Class for google image downloads

build_search_url(search_term, params, url, similar_images, specific_site, safe_search)

Building main search of URL

Parameters:
  • search_term – Search terms included

  • params – Additional parameters

  • url – URL to search

  • similar_images – Check for similar images

  • specific_site – specifies a specific site to serach

  • safe_search – boolan to determine if safe search on

Returns:

build_url_parameters(arguments)

Building URL parameters

Parameters:

arguments – Constructs URL parameters for search

Returns:

create_directories(main_directory, dir_name, thumbnail, thumbnail_only)

Function to make directories

Parameters:
  • main_directory – Main directory where files will be stored

  • dir_name – sub directory name

  • thumbnail – thumbnail of image

  • thumbnail_only – Selects if only a thumbnail is stored

Returns:

download(arguments)

Bulk download of files based on arguments

Parameters:

arguments – Dictionary of arguments to consider

Returns:

download_executor(arguments)

Function that downloads files based on arguments

Parameters:

arguments – Dictionary of arguments to consider

Returns:

download_extended_page(url, chromedriver)

Downloads the page for more than 100 images

Parameters:
  • url – Webpage to download

  • chromedriver – version of chrome drives

Returns:

webpage information as JSON

download_image(image_url, image_format, main_directory, dir_name, count, print_urls, socket_timeout, prefix, print_size, no_numbering, no_download, save_source, img_src, silent_mode, thumbnail_only, format, ignore_urls)

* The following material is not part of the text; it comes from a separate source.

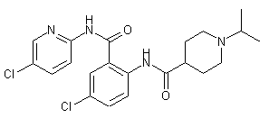 The condensation between 5-chloro-2-nitrobenzoyl chloride (I) and 2-amino-5-chloropyridine (II) produced the corresponding amide (III). Subsequent catalytic hydrogenation of the nitro group of (III) gave aniline (IV). Acid chloride (VI), prepared from N-Boc-isonipecotic acid (V) and oxalyl chloride, was then coupled to aniline (IV) to furnish amide (VII). Further trifluoroacetic acid-promoted cleavage of the Boc protecting group of (VII) yielded piperidine (VIII). Finally, reductive alkylation with acetone in the presence of sodium triacetoxyborohydride gave rise to the target N-isopropyl piperidine.

Function to download images

Parameters:
  • image_url – URL where the images are located

  • image_format – Format that the image is saved as

  • main_directory – main directory where folders are located

  • dir_name – subdirectory where images are saved

  • count – number of images to save

  • print_urls – Boolian to print URLS

  • socket_timeout – time before process timeouts

  • prefix – prefix to add to the files

  • print_size – prints the file size

  • no_numbering – selects if you number the files

  • no_download – selects if you download the files

  • save_source – selects if you save the webpage source

  • img_src – save the direction to the image source

  • silent_mode – sets the download operation to silent mode

  • thumbnail_only – saves the thumbnail only

  • format – Sets the format that files will be saved

  • ignore_urls – Sets what URLS to ignore based on keywords

Returns:

Information about the download

download_image_thumbnail(image_url, main_directory, dir_name, return_image_name, print_urls, socket_timeout, print_size, no_download, save_source, img_src, ignore_urls)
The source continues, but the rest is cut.